In general a topological vector space doesn't have that property.
An example in $\ell^2(\mathbb{N})$ in its weak topology:
For $m \in \mathbb{N}\setminus \{0\}$, let
$$A_m = \bigl\{ x \in \ell^2(\mathbb{N}) : \lVert x\rVert_2 = m, \bigl(n \leqslant \tfrac{m(m-1)}{2} \lor n > \tfrac{m(m+1)}{2}\bigr) \implies x_n = 0\bigr\}$$
and define
$$A = \bigcup_{m = 1}^{\infty} A_m\,.$$
Then the intersection of $A$ with every closed and bounded set is compact (even in the strong topology), thus all accumulation points of bounded nets in $A$ lie in $A$, in particular if a bounded net in $A$ converges to $x_0$, then $x_0 \in A$.
But $A$ is not weakly closed, we have $0 \in \operatorname{cl}_w(A) \setminus A$. For every weak neighbourhood of $0$ contains one of the form
$$V(\varepsilon;\xi_1, \dotsc, \xi_k) = \{ x \in \ell^2(\mathbb{N}) : \lvert\langle x, \xi_j\rangle\rvert < \varepsilon \text{ for } 1 \leqslant j \leqslant k\} $$
where $k \in \mathbb{N}$, $\xi_1,\dotsc,\xi_k \in \ell^2(\mathbb{N})$, and $\varepsilon > 0$. And $V(\varepsilon;\xi_1,\dotsc,\xi_k) \cap A_m \neq \varnothing$ for all $m > k$.
This construction can be imitated in every infinite-dimensional normed space and yields a set that isn't weakly closed but whose intersection with every weakly closed bounded set is weakly closed.
The property holds (as you know) in every metrisable topological vector space.
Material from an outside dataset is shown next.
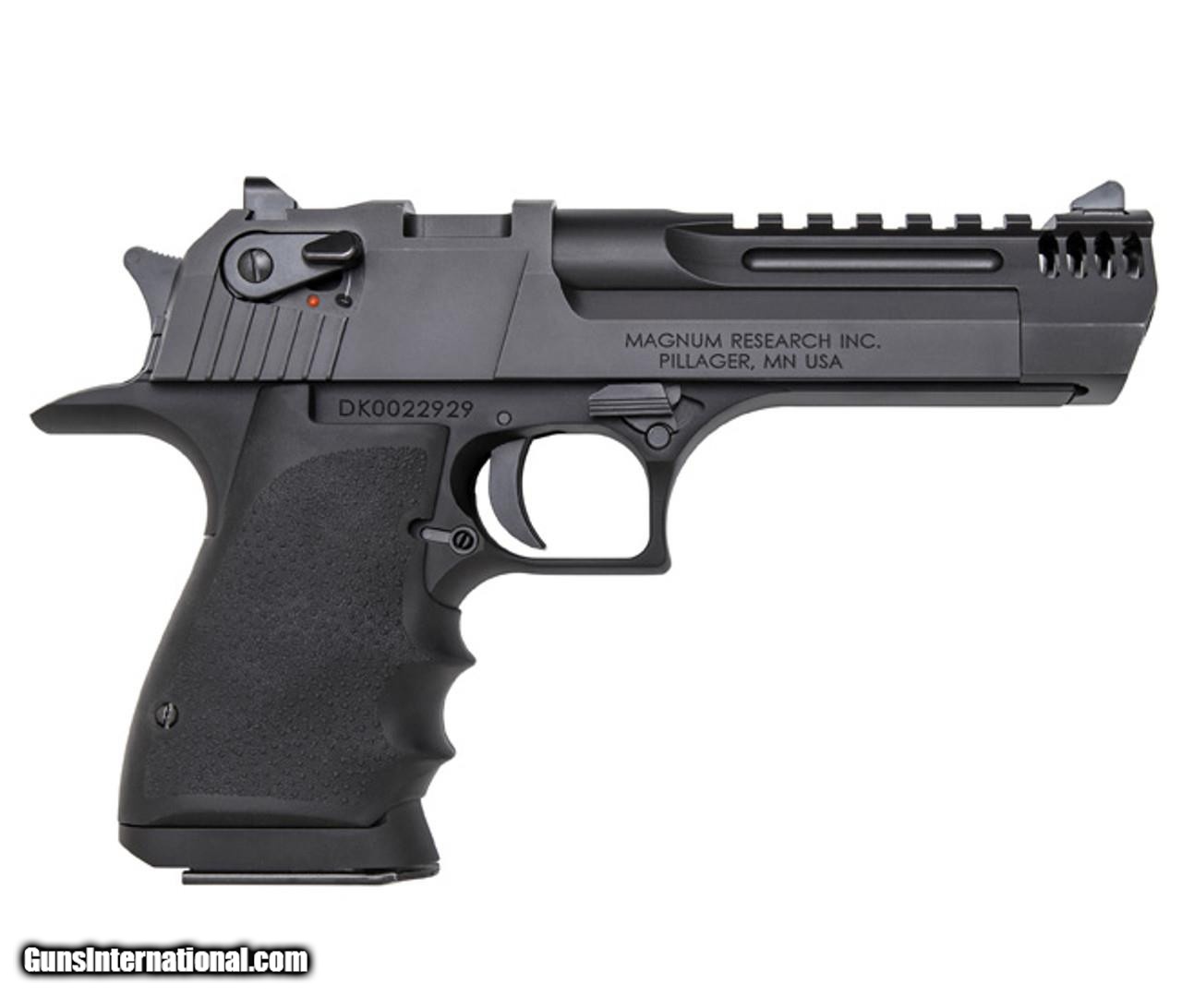 Description: Manufacturer: Magnum Research Model: Desert Eagle® Mark XIX L5 SKU: DE50L5IMB Caliber: .50 AE Capacity: 8 Rounds Sights: Combat Type, Fixed Barrel Length: 5" High Quality Carbon Steel Barrel, Frame and Slide w/ Full Weaver Style Accessory Rail and Integral Muzzle Brake Overall Length: 9.75 Finish: Black Aluminum Frame / Black Steel Slide Grips: Black Hogue Finger Groove Weight: 2 lbs 14.6 oz All items are factory new in box unless otherwise stated. Based on the information available to us, the above specifications describe this item to the best of our knowledge. For further information, please contact or visit the manufacturer's . SOLD |

For convex $A$ we have the equivalence
$$A\text{ closed} \iff (A\cap B)\text{ closed for all closed and bounded } B$$
if $X$ carries the weak topology of an originally locally convex and metrisable space. In particular in the weak topology of a Banach space, closed convex sets can be characterised by the convergence of bounded nets.